490C - Hacking Cypher

At first, let’s check all prefixes of specified number — do they have remainder 0 when divided by the a? It can be done with asymptotic behavior O(N), where N -length of specified number C. If we have remainder of division by a of prefix, which ends in position pos, we can count remainder in position pos + 1: rema[pos + 1] = (rema[pos] * 10 + C[pos + 1]) % a.

Then we need to check suffixes.If we have remainder of division by b of suffix, which begin in position pos, we can count remainder of position pos - 1: remb[pos - 1] = (C[pos - 1] * P + remb[pos]) % b, where P — it is 10^(L - 1) module b, L — length of suffix (P we can count parallel).

Now let’s check all positions pos — can we cut specified number C in this position. We can do it if next four conditions performed: prefix of number C, which ends in pos is divisible by a; suffix of number C, which begin in pos + 1 is divisible by b; length of prefix and suffix more than 0; first digit of suffix is different from 0. If all four conditions performed we found answer. If we did not find any such positions, than print NO.

490D - Chocolate

We can change the numbers by dividing their by two or by dividing their by three and multiply two. Firstly remove all 2 and 3 from factorization of chocolate and determine equals their square or not. If their squares are not equals answer doesn’t exists. Otherwise calculate of difference between number of three in factorization, we should remove this amount of threes from the some chocolate, it depends from the sign, and recalculate difference between number of two in factorization and do the same.

490E - Restoring Increasing Sequence

Let’s iterate on specified numbers and try to make from current number minimal possible, which value more than value of previous number. Let’s current number is cur, previous number is prev.

If length of number cur less than length of number prev — let’s print NO, this problem has not solution.

If length of number cur more than length of number prev — replace all signs ? in number cur to digit 0, except case, when sign ? in first position — replace him on digit 1, because numbers in answer must be without leading zeroes.
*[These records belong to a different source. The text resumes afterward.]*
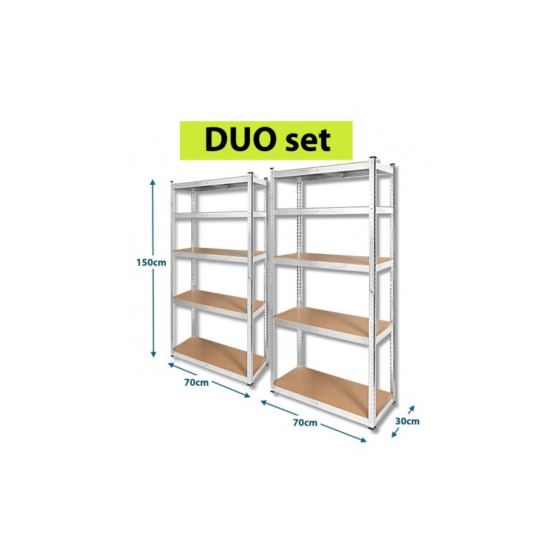 Affordable DUO: 2 pcs. transformable metal shelves (150x70x30 cm) | Galvanized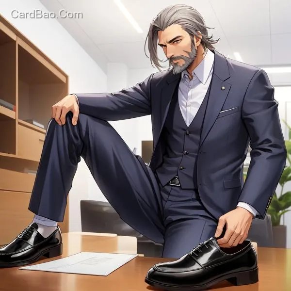 上班族大叔,颓废,帅哥,中年人,西装革履,手持步枪,花白长发,壮实,胡子拉碴。
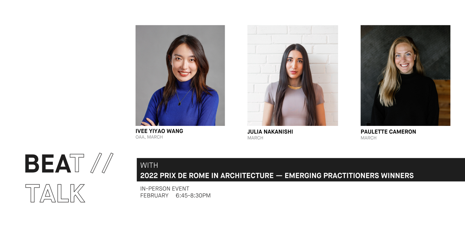 Join Building Equality in Architecture Toronto (BEAT) for a round table discussion as we hear from three 2022 Prix De Rome in Architecture – Emerging Practitioner winners: Ivee Wang, Julia Nakanishi, and Paulette Cameron. The speakers will expand on their unique trajectories in research and professional roles; discussing what sparked an interest in their research topic, and the amazing projects and initiatives they’ve worked on along the way.

Another case when lengths of numbers a and b are equal. Let’s iterate on positions pos, in which prefix number cur more than prefix of number prev. Now we need to try for this position make minimal possible number, which more than prev. In all positions posi, which less than pos, replace all ? on prev[posi]. In all positions posi, which more than pos, replace all ? on digit 0. If cur[pos] =  = ? than make cur[pos] = max(prev[pos] + 1, 9).

If received number less or equal to prev — this position is bad. From all good positions choose minimal number, received with operations above and assign him number cur and will continue iteration. If count of such positions is 0 we need to print NO.

490F - Treeland Tour

The problem is generalization of finding maximal increasing subsequence in array, so it probably can be solved using dynamic programming. We will calс dynamic d[(u, v)], the state is directed edge (u, v) in tree. Value d[(u, v)] means the maximum number of vertices where the band will have concerts on some simple path ended in vertex v going through vertex u. Also the concert in vertex v must be certainly.

To calc d(u, v) we should consider all such edges (x, y) that there is simple path started in x, going through y, u and ended in v. These edges can be found using dfs from vertex u which is not going through vertex v. All edges used by dfs should be reoriented. So if r[y] < r[v] then d[(u, v)] = max(d[(u, v)], d[(x, y)] + 1). The solution needs O(N2) time and O(N2) memory. The memory could be O(N) if you get indexes of directed edges without two-dimensional array.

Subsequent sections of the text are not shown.